··· INPUT DATA

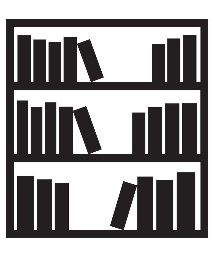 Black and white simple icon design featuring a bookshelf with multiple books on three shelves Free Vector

······
··· INPUT DATA

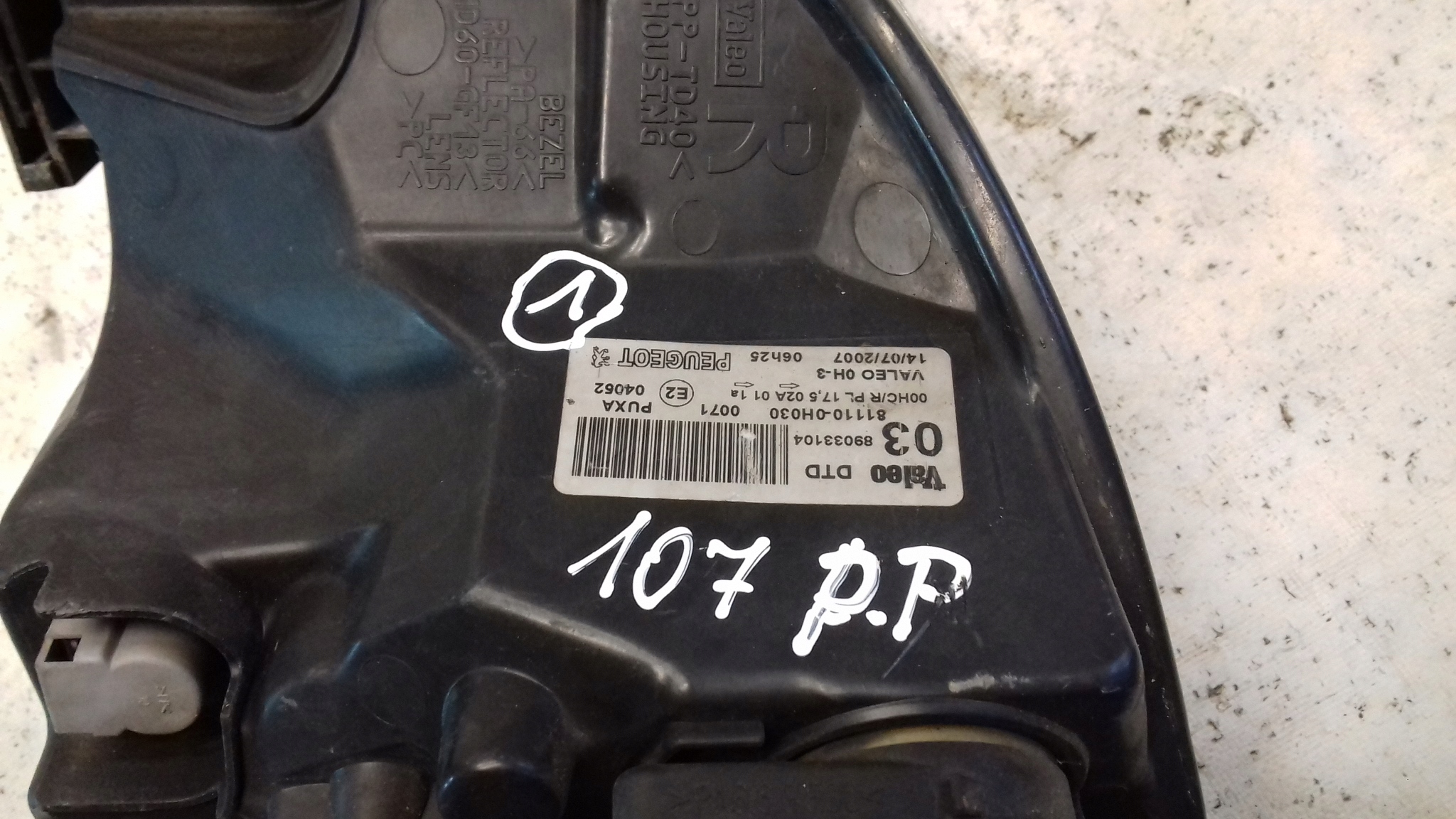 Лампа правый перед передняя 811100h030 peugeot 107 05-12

······
··· INPUT DATA

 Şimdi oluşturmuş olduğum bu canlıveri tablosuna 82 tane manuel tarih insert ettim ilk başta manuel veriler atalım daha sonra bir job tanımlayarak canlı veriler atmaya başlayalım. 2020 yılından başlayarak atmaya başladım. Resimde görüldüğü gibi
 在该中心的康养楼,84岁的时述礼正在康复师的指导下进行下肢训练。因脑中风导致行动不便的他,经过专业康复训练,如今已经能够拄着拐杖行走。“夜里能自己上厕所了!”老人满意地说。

······

• [WHAT NEEDS TO BE DONE] As the answer, set down only the lines from the data above between the one holding "Şimdi oluşturmuş olduğum" and the one holding "在该中心的康养楼,84岁的时", inclusive, exactly as they read.

• [ANSWER TO THIS EXERCISE]
 Şimdi oluşturmuş olduğum bu canlıveri tablosuna 82 tane manuel tarih insert ettim ilk başta manuel veriler atalım daha sonra bir job tanımlayarak canlı veriler atmaya başlayalım. 2020 yılından başlayarak atmaya başladım. Resimde görüldüğü gibi
 在该中心的康养楼,84岁的时述礼正在康复师的指导下进行下肢训练。因脑中风导致行动不便的他,经过专业康复训练,如今已经能够拄着拐杖行走。“夜里能自己上厕所了!”老人满意地说。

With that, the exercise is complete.